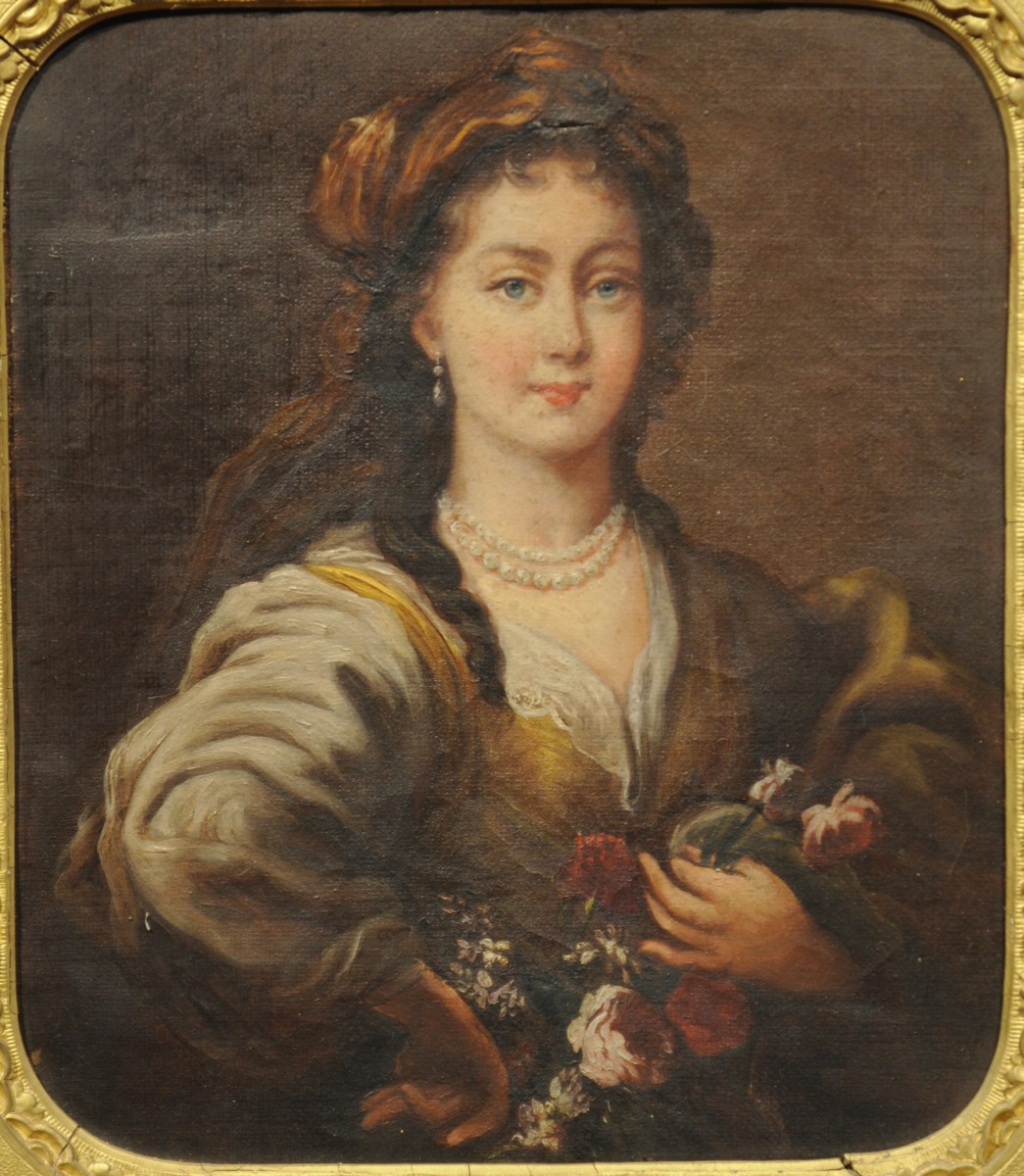 École FRANÇAISE du XIXème siècle.Jeune femme au turban.Huile sur toile.22...
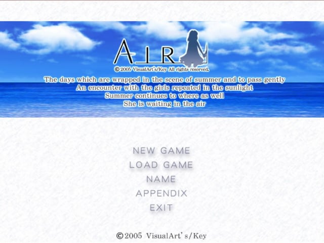 Air Standard Edition – это визуальная новелла, которая повествует про паренька по имени Камисаки Юкито. Главный герой получает от мамы подарок в виде куклы, а также загадочную просьбу, в которой говорится про спасение девочки на небе. Через время, юноша становится взрослым и отправляется в самостоятельное путешествие, стараясь отыскать потерянную девчушку. Игра Воздух позволяет осуществлять выборы в процессе прохождения, что сказываются на развитии дальнейших событий.
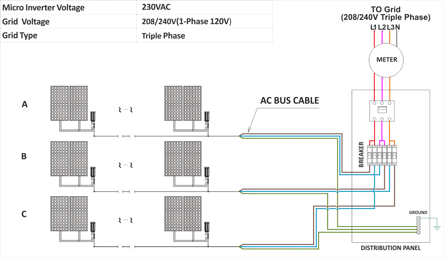 Step 2 - Connecting the Microinverter AC cable and connectiong to AC bus cable(L-BROWN,N-BLUE,GGREEN&YELLOW) one by one, Please do NOT exceed the Maximum current of AC bus cable .
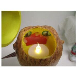 of head comes off and place a tealight to illuminate the eyes and mouth.
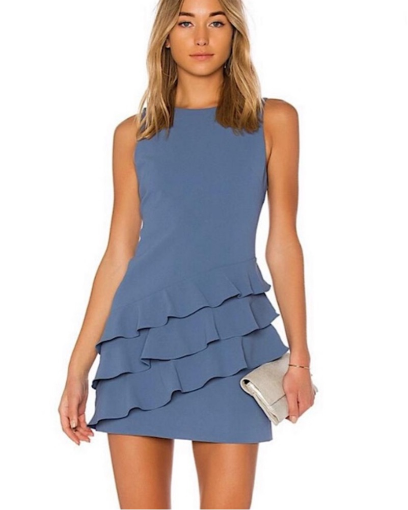 Steel Denim Blue Ruffle Dress by Alice and olivia - Pickle
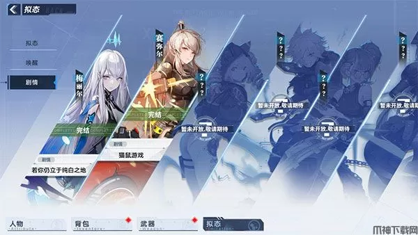 在推进主线的过程中,我们将会解锁爱歌、白伶等多个拟态角色,并获得她们的专属武器。

▶ **Problem statement**:
Would you please restate the records word for word, excluding any images?

▶ **Output for this task**:
 École FRANÇAISE du XIXème siècle.Jeune femme au turban.Huile sur toile.22...
 Air Standard Edition – это визуальная новелла, которая повествует про паренька по имени Камисаки Юкито. Главный герой получает от мамы подарок в виде куклы, а также загадочную просьбу, в которой говорится про спасение девочки на небе. Через время, юноша становится взрослым и отправляется в самостоятельное путешествие, стараясь отыскать потерянную девчушку. Игра Воздух позволяет осуществлять выборы в процессе прохождения, что сказываются на развитии дальнейших событий.
 Step 2 - Connecting the Microinverter AC cable and connectiong to AC bus cable(L-BROWN,N-BLUE,GGREEN&YELLOW) one by one, Please do NOT exceed the Maximum current of AC bus cable .
 of head comes off and place a tealight to illuminate the eyes and mouth.
 Steel Denim Blue Ruffle Dress by Alice and olivia - Pickle
 在推进主线的过程中,我们将会解锁爱歌、白伶等多个拟态角色,并获得她们的专属武器。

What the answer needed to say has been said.